Process claims close another door. US12138349B2, "Process for spray drying a GLP-1 peptide" (issued November 12, 2024; CPC A61K 9/1688), claims a manufacturing method — spray-drying the peptide. As with the LNP estate, a process claim can block a manufacturing route even where the end composition is designed around. An FTO map that only checks compositions and misses process claims like this one is incomplete.
Where, then, is the genuine white space? It sits in formulation chemistries and delivery routes not covered by the incumbent claims — alternative stabilization systems, different excipient packages, or delivery modalities outside the claimed injectable and spray-dried embodiments. The hybrid-peptide and alternative-scaffold filings in the record (for instance, peptide-oligourea hybrid approaches) suggest some developers are designing around both the sequence and the formulation simultaneously.
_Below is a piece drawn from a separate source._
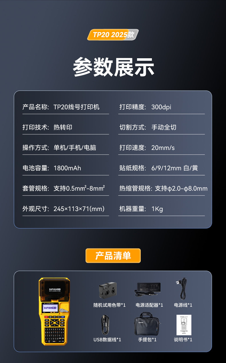 | Color Classification | 2025 Tp20 Standard Package [Includes 1 Ribbon + 1 Label Tape + Free Carrying Case] (Printer Only + Bluetooth + Pc Software/Built-In Lithium Battery),2025 Tp20 [Includes 1 Ribbon + 1 Sleeve + 1 Label Tape + Free Carrying Case] (Stand-Alone + Bluetooth + Pc Version / Built-In Lithium Battery),2025 Tp20 [Includes 2 Ribbons + 2 Sleeves + 1 Label Tape + Free Carrying Case] (Standalone + Bluetooth + Pc Version / Built-In Lithium Battery),2025 Tp20 [Includes 3 Ribbons + 3 Sleeves + 1 Label Ribbon + Free Carrying Case] (Standalone + Bluetooth + Pc Version / Built-In Lithium Battery),2025 Tp20 [Includes 4 Color Ribbons + 4 Sleeves + 1 Label Ribbon + Free Carrying Case] (Standalone + Bluetooth + Pc Version / Built-In Lithium Battery),2025 Tp20 [Includes 5 Ribbons + 5 Sleeves + 1 Label Ribbon + Free Carrying Case] (Standalone + Bluetooth + Pc Version / Built-In Lithium Battery),2025 Tp20 [Includes 6 Ribbons + 6 Sleeves + 1 Label Ribbon + Free Carrying Case] (Standalone + Bluetooth + Pc Version / Built-In Lithium Battery),2025 Tp20 [Includes 7 Color Ribbons + 7 Sleeves + 1 Label Ribbon + Free Carrying Case] (Standalone + Bluetooth + Pc Version / Built-In Lithium Battery),2025 Tp20 [Includes 10 Ribbons + 10 Sleeves + 1 Label Tape + Free Carrying Case] (Standalone + Bluetooth + Pc Version / Built-In Lithium Battery),2025 Tp20 [Includes 2 Ribbons + 200m Heat Shrink Tube + 1 Label Ribbon + Free Carrying Case] (Standalone + Bluetooth + Pc Version / Built-In Lithium Battery),2025 Tp20 [Includes 4 Color Ribbons + 400m Heat Shrink Tubing + 1 Label Ribbon + Free Carrying Case] (Standalone + Bluetooth + Pc Version / Built-In Lithium Battery),Tp70 (Stand-Alone + Bluetooth Version) Comes Standard [Includes 1 Ribbon + 1 Sticker + Carrying Case],Tp70 (Stand-Alone + Bluetooth Version) [Includes 2 Ribbons + 2 Sleeves + 1 Sticker + Carrying Case],Tp76I (Stand-Alone + Bluetooth + Computer Version) [Includes 2 Ribbons + 2 Sleeves + 1 Sticker + Carrying Case],Tp76I (Stand-Alone + Bluetooth + Computer Version) [Includes 5 Ribbons + 5 Sleeves + 1 Sticker + 1 Stand + Carrying Case],The Old Tp20 Comes Standard with [1 Ribbon Included + Free Handbag] (Stand-Alone Version/Promotional Discount of 400),Old Tp20 (Stand-Alone Version/Promotional Discount of 400) [Includes 1 Ribbon + 1 Sleeve + Free Handbag],Old Tp20 (Stand-Alone Version/Promotional Discount of 400) [Includes 2 Ribbons + 2 Sleeves + Free Handbag],Old Tp20 (Stand-Alone Version/Promotional Discount of 400) [Includes 3 Color Belts + 3 Sleeves + Free Handbag],2025 Tp20 [Includes 1 Ribbon + 1 Sleeve + 1 Yellow Label Ribbon + 1 White Label Ribbon + Free Carrying Case] (Stand-Alone + Bluetooth + Computer Version/Built-In Lithium Battery),2025 Tp20 [Includes 2 Ribbons + 2 Sleeves + 1 White Label Ribbon + 1 Yellow Label Ribbon + Free Carrying Case] (Standalone + Bluetooth + Pc Version / Built-In Lithium Battery),2025 Tp20 [Includes 3 Color Ribbons + 3 Sleeves + 1 White Label Ribbon + 1 Yellow Label Ribbon + Free Carrying Case] (Standalone + Bluetooth + Pc Version / Built-In Lithium Battery),2025 Tp20 [Includes 4 Color Ribbons + 4 Sleeves + 1 White Label Ribbon + 1 Yellow Label Ribbon + Free Carrying Case] (Standalone + Bluetooth + Pc Version / Built-In Lithium Battery),2025 Tp20 [Includes 5 Color Ribbons + 5 Sleeves + 1 White Label Ribbon + 1 Yellow Label Ribbon + Free Carrying Case] (Standalone + Bluetooth + Pc Version / Built-In Lithium Battery),2025 Tp20 [Includes 6 Ribbons + 6 Sleeves + 1 White Label Ribbon + 1 Yellow Label Ribbon + Free Carrying Case] (Standalone + Bluetooth + Pc Version / Built-In Lithium Battery),2025 Tp20 [Includes 10 Ribbons + 10 Sleeves + 1 White Label Ribbon + 1 Yellow Label Ribbon + Free Carrying Case] (Standalone + Bluetooth + Pc Version / Built-In Lithium Battery),2025 Tp20 [Includes 2 Ribbons + 200m Heat Shrink Tube + 1 White Label Ribbon + 1 Yellow Label Ribbon + Free Carrying Case] (Standalone + Bluetooth + Pc Version / Built-In Lithium Battery),2025 Tp20 [Includes 4 Color Ribbons + 400m Heat Shrink Tubing + 1 White Label Ribbon + 1 Yellow Label Ribbon + Free Carrying Case] (Standalone + Bluetooth + Pc Version / Built-In Lithium Battery) |

The assignee concentration is the headline risk. Novo Nordisk is the dominant holder in the GLP-1 formulation record, which means an FTO clearance is less a survey of many holders and more a focused read of one large incumbent estate plus a scattering of challengers. Concentration cuts both ways: fewer parties to clear, but a deep and actively-maintained thicket from the one that matters.
The strategist's takeaway: run GLP-1 freedom-to-operate as a two-layer problem. Layer one is the peptide. Layer two — often the binding constraint near the end of molecule exclusivity — is the formulation and process estate, heavily held by Novo Nordisk across A61K composition and manufacturing claims. The white space is real but specific: it lives in stabilization and delivery approaches that fall outside the claimed injectable, buffered, and spray-dried embodiments.